The Student Room Group

I've met this guy...

Anon because I don't want the people involved to know who it is.

Well.. the thing is I've met a guy and I like him. But, I'm not sure how much yet. We met a few times and now we're texting etc.

The thing is. He's got a friend who seems to really hate me. He's been pretty rude to me and has been pressuring me to see his friend all of the time. It's like he wants me to have a relationship with his friend but at the same time really hates me.

I've had this problem before with a guy I was seeing and it led to real complications. The guy knew I hated his friend and it drove a wedge between us. However, I couldn't have lived with how his friend was treating me.

Now that it's happening again I don't know what to do. I can't really ignore his friend but it's not going to work.

I haven't even thought of a relationship with this guy as we're just friends right now and I'm not looking for a relationship right now. I tried telling this to his friend and he just went crazy saying the guy likes me and it's not fair. What do I do? I thought I'd found a good friend but now it looks like it's about to be ruined.

Reply 1

tell him how you feel before the relationship starts. he may be ok with it, he may not but you'll never know unless you try. Tbh its this guy you would be seeing not his friend, and his friend may come around.

x

Reply 2

Tell said 'friend' to *insert favoured profanity* off. :biggrin:

Reply 3

Your friend has probably told his friend that he likes you, and is therefore being rude to try to get you to act in order to help his friend.

Reply 4

I don't know really. The friend just seems to be really horrible to me. Like insulting me with stuff he found out about me from other people.

I am not sure if I want to talk to the guy because we aren't really close enough, I thought. I also don't want to say anything to the friend incase he then finds a real reason to hate me and it gets worse. Which, I agree, sounds really silly but it's just the way I think.

What would any of you say if someone you had just met (and possibly liked quite a bit) was telling you that they didn't like how your friend was being?

Reply 5

I think it's a guy thing. My bf had a few friends that were a bit funny with me too, but they were really good mates of my bf and I didn't see them that often so it wasn't a big deal. Like someone else said, it's not the rude lad you're potentially gonna be going out with.

Reply 6

That is true. I just don't want to screw things up.

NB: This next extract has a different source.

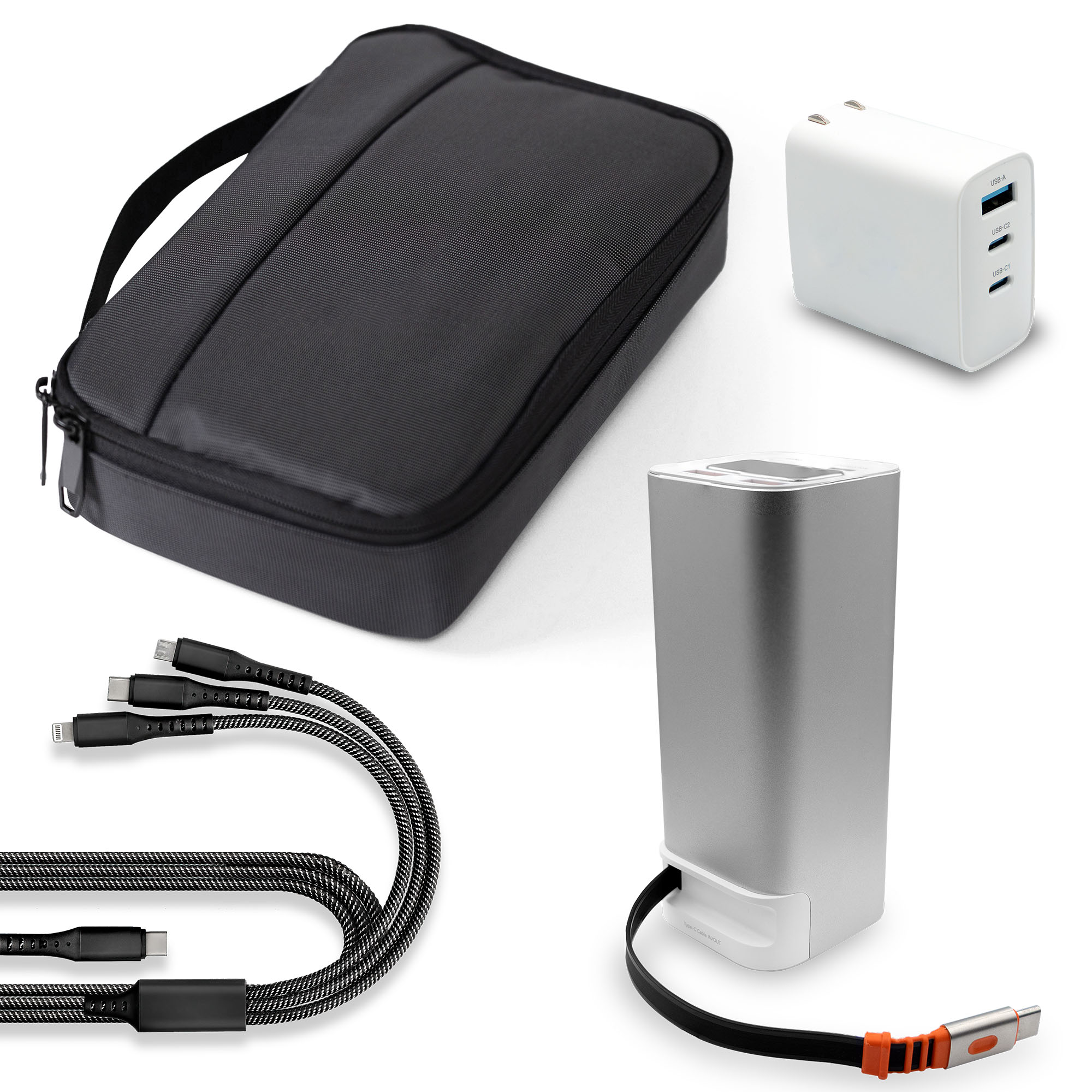 | Imprint Sizes | Power Bank: H 2 1/2" x W 7/8" (body), H 1 1/4" x W 1 1/4" (standing base) | Wall Adapter: H 1 1/4" x W 1 1/2" | Charging Cable: H 1/4" x W 7/8" | Tech Organizer: H 2" x W 5" |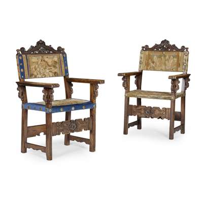 PAIR OF CONTINENTAL WALNUT ARMCHAIRS

I like the guy, don't get me wrong, but I'm not that keen on jumping into a relationship. I think, however, that if I say that to his friend who keeps bugging me then he'll tell the guy and maybe he won't want to know me as a friend.

I'm not saying that the guy is just after a relationship, it just might get twisted along the way somehow.

God that's confusing... if anyone knows what I mean it'll be a miracle.